# CPMANT

## CPMAnt

### Overview

CPM-Ant is an open-source Chinese pre-trained language model (PLM) with 10B parameters. It is also the first milestone of the live training process of CPM-Live. The training process is cost-effective and environment-friendly. CPM-Ant also achieves promising results with delta tuning on the CUGE benchmark. Besides the full model, we also provide various compressed versions to meet the requirements of different hardware configurations. [See more](https://github.com/OpenBMB/CPM-Live/tree/cpm-ant/cpm-live)

Tips:

This model was contributed by [OpenBMB](https://huggingface.co/openbmb). The original code can be found [here](https://github.com/OpenBMB/CPM-Live/tree/cpm-ant/cpm-live).

⚙️ Training & Inference

* A tutorial on [CPM-Live](https://github.com/OpenBMB/CPM-Live/tree/cpm-ant/cpm-live).

### CpmAntConfig

#### class transformers.CpmAntConfig

[\<source>](https://github.com/huggingface/transformers/blob/v4.34.1/src/transformers/models/cpmant/configuration_cpmant.py#L29)
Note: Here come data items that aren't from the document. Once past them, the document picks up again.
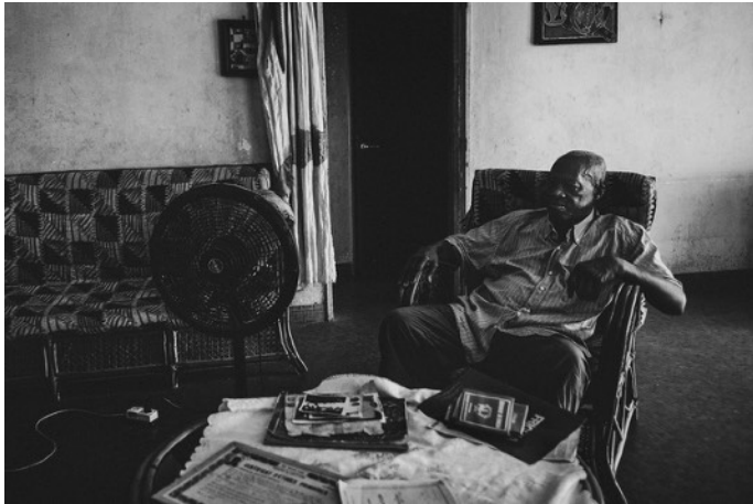
© Alain Licari « L'album de Monsieur Soumah » https://www.alainlicari-photographe.com/
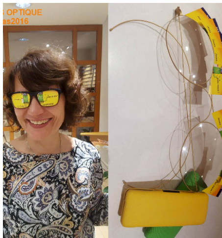
Opération « A deux pas »
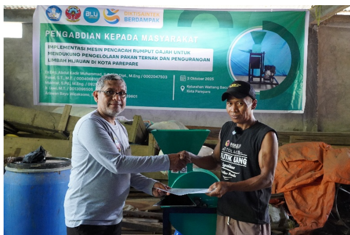
Gambar 6. Serah terima mesin pencacah rumput gajah oleh ketua tim PKM kepada mitra

untuk mencacah rumput gajah, tetapi juga mampu mencampurkan dedak secara bersamaan dengan hasil yang tetap optimal. Keunggulan ini memberikan efisiensi yang signifikan dibandingkan dengan cara manual menggunakan sabit atau parang, yang hanya mampu menghasilkan sekitar 0,18–0,2 kg/menit. Dengan demikian, produktivitas pencacahan meningkat hingga lebih dari tiga puluh kali lipat.
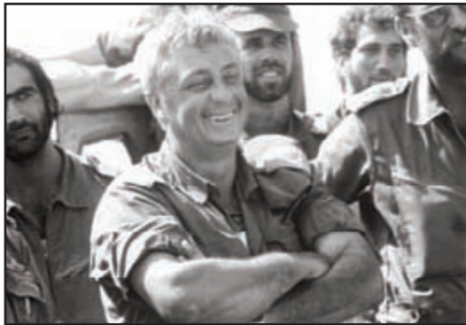
Ariel Saron katonái között a jom kipuri háborúban

Nem szabad megadni az ellenségnek azt az esélyt, hogy meg tudjon bennünket lepni, és egy olyan helyzetbe kényszerítsen minket, ahol kénytelenek vagyunk hasonló, vagy kisebb veszteséget elkönyvelni. Még a mai világban

( vocab\_size: int = 30720hidden\_size: int = 4096num\_attention\_heads: int = 32dim\_head: int = 128dim\_ff: int = 10240num\_hidden\_layers: int = 48dropout\_p: int = 0.0position\_bias\_num\_buckets: int = 512position\_bias\_max\_distance: int = 2048eps: int = 1e-06init\_std: float = 1.0prompt\_types: int = 32prompt\_length: int = 32segment\_types: int = 32use\_cache: bool = True\*\*kwargs )

Parameters

* **vocab\_size** (`int`, *optional*, defaults to 30720) — Vocabulary size of the CPMAnt model. Defines the number of different tokens that can be represented by the `input` passed when calling [CpmAntModel](https://huggingface.co/docs/transformers/v4.34.1/en/model_doc/cpmant#transformers.CpmAntModel).
* **hidden\_size** (`int`, *optional*, defaults to 4096) — Dimension of the encoder layers.
* **num\_attention\_heads** (`int`, *optional*, defaults to 32) — Number of attention heads in the Transformer encoder.
* **dim\_head** (`int`, *optional*, defaults to 128) — Dimension of attention heads for each attention layer in the Transformer encoder.
* **dim\_ff** (`int`, *optional*, defaults to 10240) — Dimension of the “intermediate” (i.e., feed-forward) layer in the Transformer encoder.
* **num\_hidden\_layers** (`int`, *optional*, defaults to 48) — Number of layers of the Transformer encoder.
* **dropout\_p** (`float`, *optional*, defaults to 0.1) — The dropout probabilitiy for all fully connected layers in the embeddings, encoder.
* **position\_bias\_num\_buckets** (`int`, *optional*, defaults to 512) — The number of position\_bias buckets.
* **position\_bias\_max\_distance** (`int`, *optional*, defaults to 2048) — The maximum sequence length that this model might ever be used with. Typically set this to something large just in case (e.g., 512 or 1024 or 2048).
* **eps** (`float`, *optional*, defaults to 1e-6) — The epsilon used by the layer normalization layers.
* **prompt\_types** (`int`, *optional*, defaults to 32) — The type of prompt.
* **prompt\_length** (`int`, *optional*, defaults to 32) — The length of prompt.
* **segment\_types** (`int`, *optional*, defaults to 32) — The type of segment.
* **use\_cache** (`bool`, *optional*, defaults to `True`) — Whether to use cache.
* **init\_std** (`float`, *optional*, defaults to 1.0) — Initialize parameters with std = init\_std.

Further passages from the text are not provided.